- _TASK OBJECTIVE_
The full listing, written out exactly and without images, is the expected result.

- _INFORMATION PROVIDED_

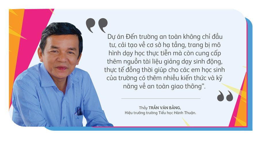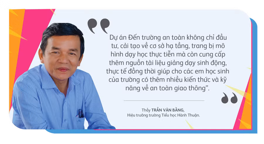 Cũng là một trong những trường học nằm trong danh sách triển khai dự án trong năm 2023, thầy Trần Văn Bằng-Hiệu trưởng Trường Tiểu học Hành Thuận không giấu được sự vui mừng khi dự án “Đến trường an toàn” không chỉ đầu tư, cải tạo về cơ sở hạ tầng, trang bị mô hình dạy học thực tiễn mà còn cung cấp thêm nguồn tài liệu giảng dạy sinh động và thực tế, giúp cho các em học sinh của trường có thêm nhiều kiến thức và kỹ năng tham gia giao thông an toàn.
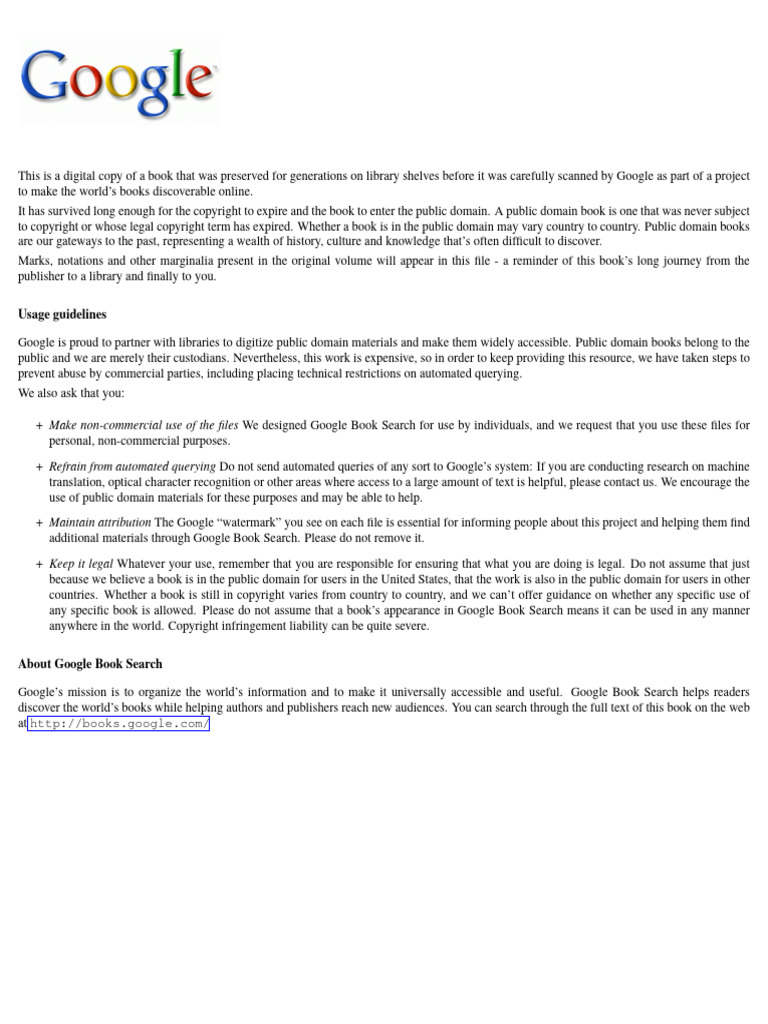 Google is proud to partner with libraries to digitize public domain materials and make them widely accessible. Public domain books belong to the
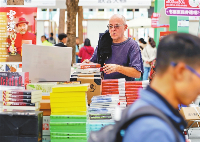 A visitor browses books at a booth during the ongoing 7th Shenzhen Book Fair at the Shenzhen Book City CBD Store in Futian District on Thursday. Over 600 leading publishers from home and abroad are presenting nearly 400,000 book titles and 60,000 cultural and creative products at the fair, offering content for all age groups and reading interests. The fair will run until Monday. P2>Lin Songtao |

- _REPLY TO THE EXERCISE_
 Cũng là một trong những trường học nằm trong danh sách triển khai dự án trong năm 2023, thầy Trần Văn Bằng-Hiệu trưởng Trường Tiểu học Hành Thuận không giấu được sự vui mừng khi dự án “Đến trường an toàn” không chỉ đầu tư, cải tạo về cơ sở hạ tầng, trang bị mô hình dạy học thực tiễn mà còn cung cấp thêm nguồn tài liệu giảng dạy sinh động và thực tế, giúp cho các em học sinh của trường có thêm nhiều kiến thức và kỹ năng tham gia giao thông an toàn.
 Google is proud to partner with libraries to digitize public domain materials and make them widely accessible. Public domain books belong to the
 A visitor browses books at a booth during the ongoing 7th Shenzhen Book Fair at the Shenzhen Book City CBD Store in Futian District on Thursday. Over 600 leading publishers from home and abroad are presenting nearly 400,000 book titles and 60,000 cultural and creative products at the fair, offering content for all age groups and reading interests. The fair will run until Monday. P2>Lin Songtao |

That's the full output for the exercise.